Glaxo has done 24 acquisitions and joint ventures since Witty became CEO in May 2008 in an effort to replace revenue that will be lost to rival generic treatments, according to Bloomberg data. The biggest was the $2.9 billion purchase of Stiefel Laboratories Inc., a closely held U.S. drugmaker, in July 2009. Glaxo is expanding in emerging markets and consumer products.
Dingemans was named a Goldman partner in 2000, the same year in which he advised Vodafone Plc on its $175 billion hostile takeover of Mannesmann AG in 2000. Christopher Gent, who was CEO of Vodafone at the time, is Glaxo’s chairman. Dingemans last year helped Glaxo create ViiV Healthcare, a venture with Pfizer Inc. to develop drugs for HIV. New York-based Goldman doesn’t immediately plan to replace Dingemans in his current role, a spokeswoman in London said.

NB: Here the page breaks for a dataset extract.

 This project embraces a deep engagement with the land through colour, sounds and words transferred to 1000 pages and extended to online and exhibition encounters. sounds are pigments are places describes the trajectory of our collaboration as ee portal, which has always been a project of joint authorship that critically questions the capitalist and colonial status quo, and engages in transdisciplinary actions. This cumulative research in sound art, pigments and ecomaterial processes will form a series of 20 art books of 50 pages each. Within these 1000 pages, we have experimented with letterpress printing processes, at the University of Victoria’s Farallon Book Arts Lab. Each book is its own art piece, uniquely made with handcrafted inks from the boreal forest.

“Witty has said he doesn’t believe in megamergers and I don’t think a new CFO who just happens to have been a banker is going to change this at all,” said Dominic Valder, an analyst at Evolution Securities Ltd. in London, in a telephone interview.

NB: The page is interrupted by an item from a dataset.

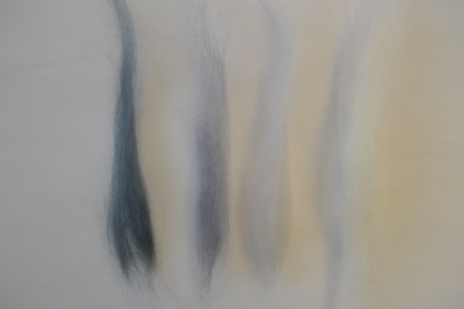 9 этап. Для получения камней различных оттенков, смешать в разных пропорциях белый цвет с оттенками серого, при этом волокна измельчить путём разрывания (рисунок 21).

“Joining a global company as CFO is something I have been keen to do as a next career step for some time,” Dingemans said in a separate e-mailed statement today. “GSK is a company that I have worked closely with for many years.”
Dingemans also will be responsible for delivering cost savings from Glaxo’s global restructuring program and further simplifying the company’s operations, Witty said.
“We do not see this appointment as presaging a change in M&A strategy nor the generally tough financial approach that has underpinned the deals GSK has done and those in which we assume it has chosen not to participate,” Kevin Wilson, an analyst at Citigroup Global Markets in London, wrote in a note to clients.
Dingemans is at least the third Goldman banker to become an executive of a European company in the past year. Jonathan Symonds, a managing director in London, joined Novartis AG of Basel, Switzerland, in September 2009 and now is CFO. John Lindfors, who previously headed European technology investment banking for Goldman, in June become a partner at Digital Sky Technologies, the Russian investment company that owns stakes in Facebook Inc., Groupon Inc. and Zynga Game Network Inc.
Heslop joined Glaxo’s predecessor company in 1998 and became CFO in 2005. “His integrity, diligence, and outstanding technical ability have ensured that GSK has remained financially strong during a period of significant economic turmoil,” Witty said.